## Supplied records
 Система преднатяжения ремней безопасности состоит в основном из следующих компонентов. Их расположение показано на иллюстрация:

---

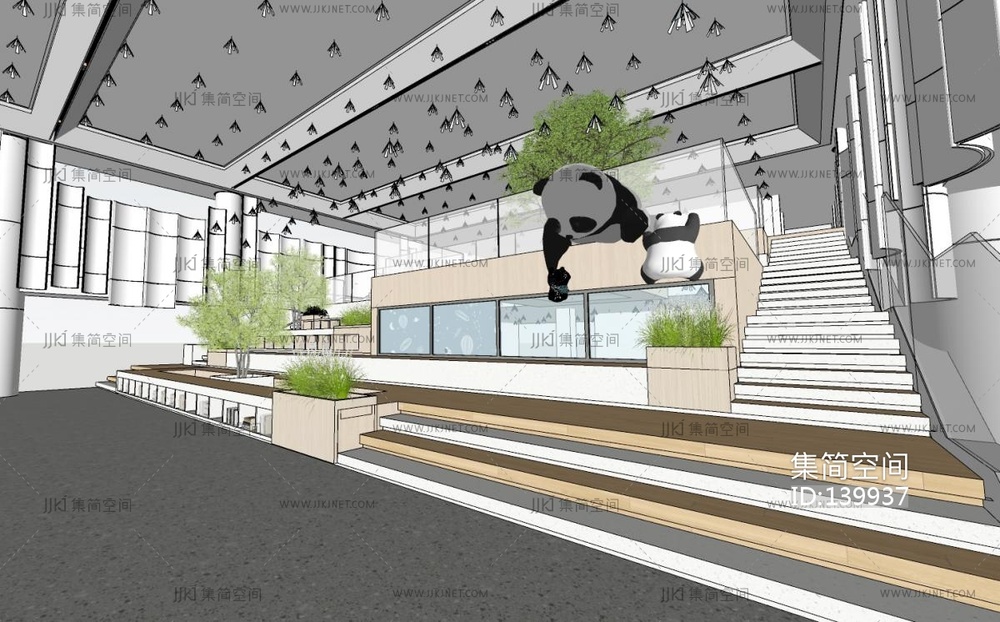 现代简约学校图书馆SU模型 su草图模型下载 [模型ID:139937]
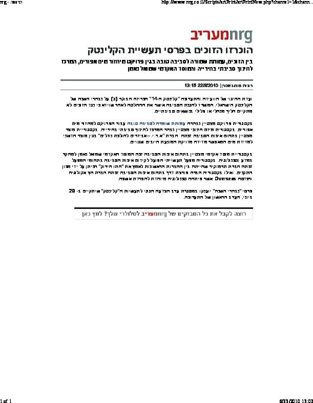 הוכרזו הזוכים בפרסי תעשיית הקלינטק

## Exercise aim
In the listing above, find the line containing "现代简约学校图书馆SU模型 su草图模型下载 [模型ID:139937]" and the line containing "הוכרזו הזוכים בפרסי תעשיית הקלינטק", then return both of them and every line between, exactly, without pictures.

## Problem solution
 现代简约学校图书馆SU模型 su草图模型下载 [模型ID:139937]
 הוכרזו הזוכים בפרסי תעשיית הקלינטק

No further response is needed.